Tammy:  I guess this means my father’s parents’ marriage was also “mixed” — Hungarian Jew from Homestead marrying Russian Jew from Pittsburgh — though both were American-born, so perhaps it impacted them less.

That grandfather was quite a cigar smoker — perhaps he was a customer of your Pittsburgh forebears!  Which brings me to the main question I have for you, which is what anecdotes survive in your family about life in McKeesport?  To me, this is the the “Treelines moment” — connecting with someone you might not have known otherwise to compare stories about similar, though unrelated families in similar circumstances.

Lara:  My grandmother often told the story of when her father was paid by someone with a chicken.  This was in the middle of the Depression, so the family seldom had meat.  My grandmother was sent by her mother to take the chicken by streetcar to the butcher.  My grandmother had the chicken in a covered basket and got on the streetcar–only to see some kids from school.  She was so embarrassed to be carrying a chicken, so she pushed its head back into the basket and hoped no one saw.  It pushed its head out.  She pushed it back in.  After a couple of iterations, she was relieved that the chicken had been taught its lesson, and the other kids didn’t seem to have noticed.  But when she got to the butcher, she discovered that she’d actually killed the chicken by teaching it the lesson a bit too strongly!
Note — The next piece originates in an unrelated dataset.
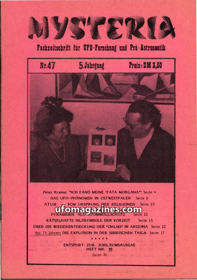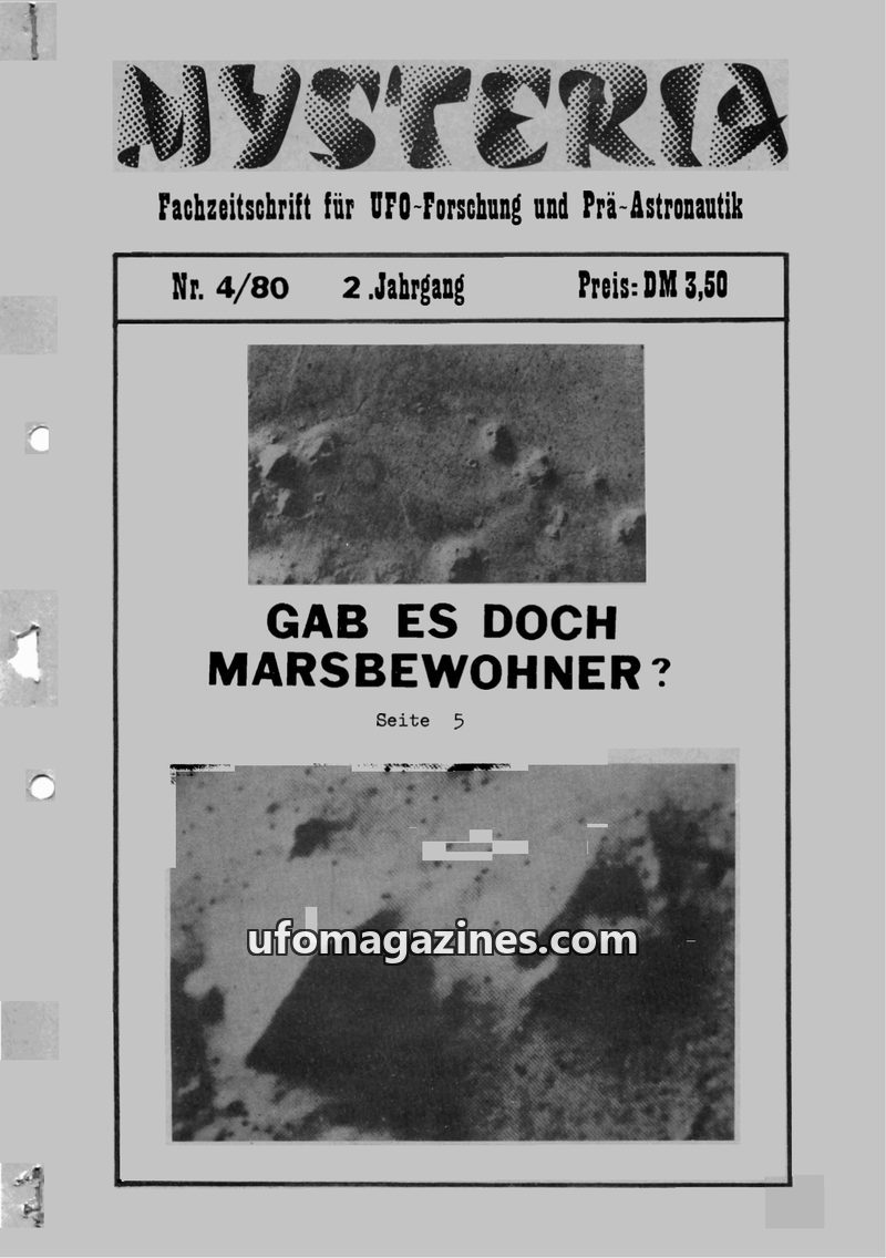 This issue of MYSTERIA, a journal for UFO research and pre-astronautics, covers a variety of topics including a UFO sighting in Mölln, Germany, and glowing UFOs over Denmark. It de

At this point we started exchanging juicy family stories that were a bit more sensitive, but we concluded our conversation talking about Treelines itself.

Tammy: So, more important than the connection that we found through your family stories, how did your family enjoy reading them?

Suttleman family reunion, 2011

Suttleman family reunion, 2011

Lara:  Treelines is a great way to share family stories I’ve discovered through my research with family members who aren’t as excited as I am by the research process. When I sent out links to my Treelines stories, I got effusive and excited replies from relatives who never really cared about seeing an ancestor’s boat record. Treelines’ way of showing them the whole story reached them in a way that dry documents couldn’t. I love reading other users’ Treelines contributions to find others with similar family stories–as well as those with entirely different backgrounds.

I’ve started to document my research process on a blog, which forces me to examine where I am on various lines and revisit gaps to see if I can fill them. There is so much you can learn about ancestors through old documents.  Once a story is complete (or as complete as I can make it), it’s a perfect point to pull it together on Treelines.